The guys at the fed are out of control..

Hoenig Says Fed Must Guard Against 'Overshooting' on Rates
http://online.wsj.com/article/SB114805978021957929.html?mod=home_whats_news_us

A Federal Reserve policy maker said the central bank has to be mindful of the lagged impact of previous increases in interest rates and the risks of "overshooting" with future rate increases.

Thomas Hoenig, president of the Federal Reserve Bank of Kansas City, said while recent inflation readings have been a bit higher than he anticipated, they result from prior accommodative monetary policy and he expects inflation and economic growth to moderate in response to the most recent rate increases.

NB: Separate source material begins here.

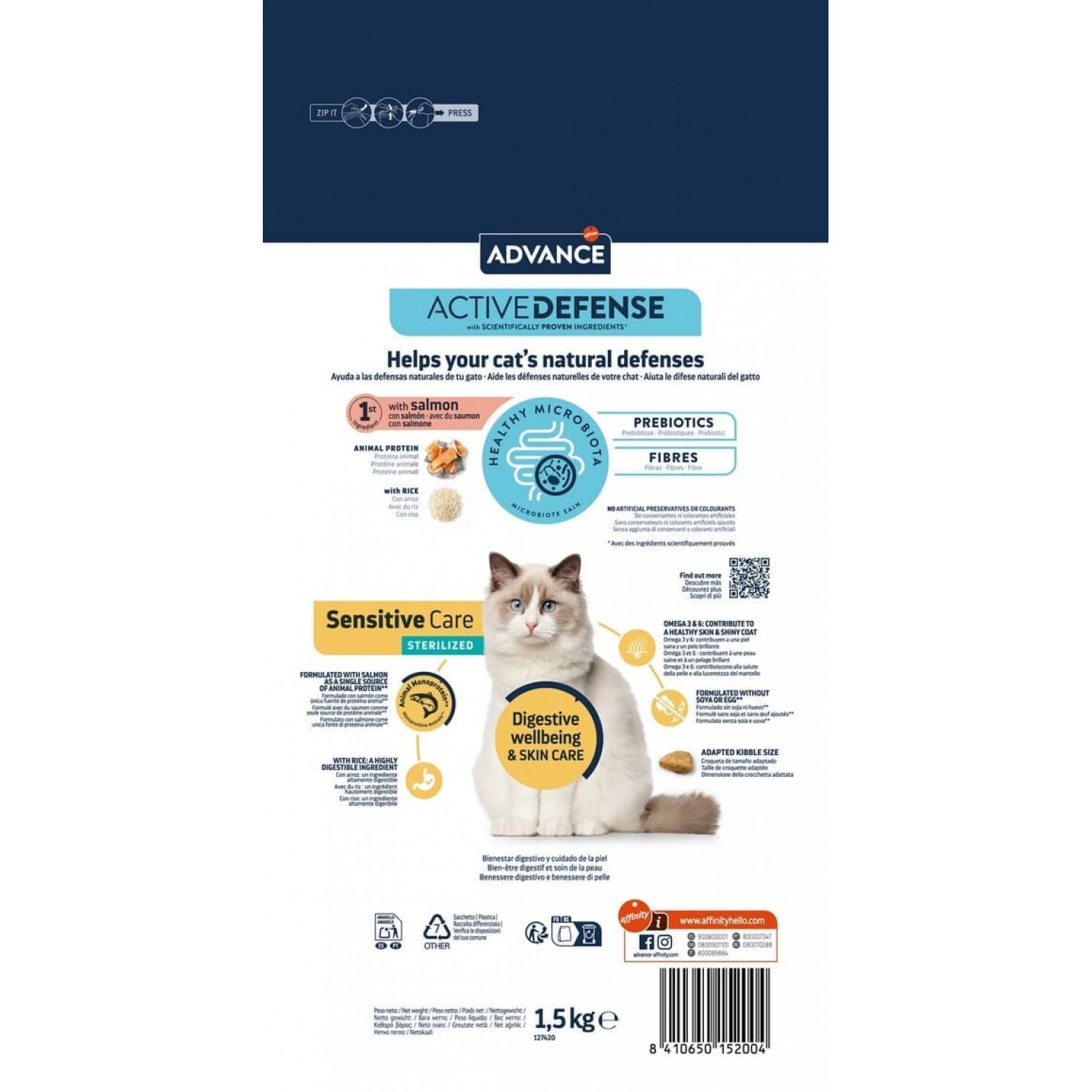 Особлива формула Active Defense у кормах ADVANCE - це науково розроблена система підтримки природного імунітету кота. Поєднання пробіотиків, пребіотиків, натуральної клітковини та імуноглобулінів сприяє здоровому травленню, покращує баланс кишкової мікрофлори та підсилює захисні функції організму. Це дозволяє вашому улюбленцю краще засвоювати поживні речовини та ефективно протистояти зовнішнім чинникам, забезпечуючи йому активне, здорове і довге життя щодня.

"One of the things I've learned is … that monetary policy works with a lag, but it's hard to appreciate that when you're in the midst of the cycle," Mr. Hoenig said in an interview Friday with The Wall Street Journal.

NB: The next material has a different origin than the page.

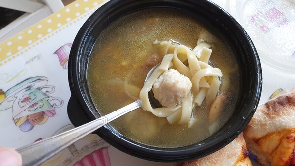А вот супы стали приятным сюрпризом. Куриный суп с фрикадельками моя дочь оценила на твёрдую «четвёрку».

"That's really our challenge right now: to be careful in judging where we are in the cycle as we have removed accommodation in the past, and [ask], is that enough, or do you need to go more?"

He added, "I'm still very much opposed to allowing inflation pressures to get out… But you don't want to be so dogmatic that you're not taking into account … how lagged [monetary policy's] effects are."

Big bounce int he gold miners index

http://finance.yahoo.com/q/bc?s=%5EHUI&t=1d

Tim said...

I don't think I was making too much of the gold charts. I saw something that to me looked very unusual so I called it that - it's as simple as that.

Anonymous said...

How about this:

You guys get busy quantifying how unusual the Kitco gold charts are for a particular day. Tim and I will buy some more gold mining shares. At the end of the year we'll see who makes more money.

Anonymous said...

don't recall the fed being concerned about 'overshooting' on the downside. I mean, they didn't seem to have any problem at all with people getting in debt up to their eyeballs by offering out that 'liquidity'

Nor did I ever hear them express any concern their reckless policies would cause the price of gasoline to go above $3.00/gallon because the devalued dollar buys less imported oil.

What will come to be the great Fed irony is their capacity to form another "committee to save the world" will not be effective because future finacial problems will be the result of all that liquidity -- you know, the stuff they need to "save the world"

http://www.time.com/time/covers/0,16641,19990215,00.html

Anonymous said...

You gots to be buying now or soon. PMs and commodities 20-30-40-50% off! Wahoo!!! Sale ends soon.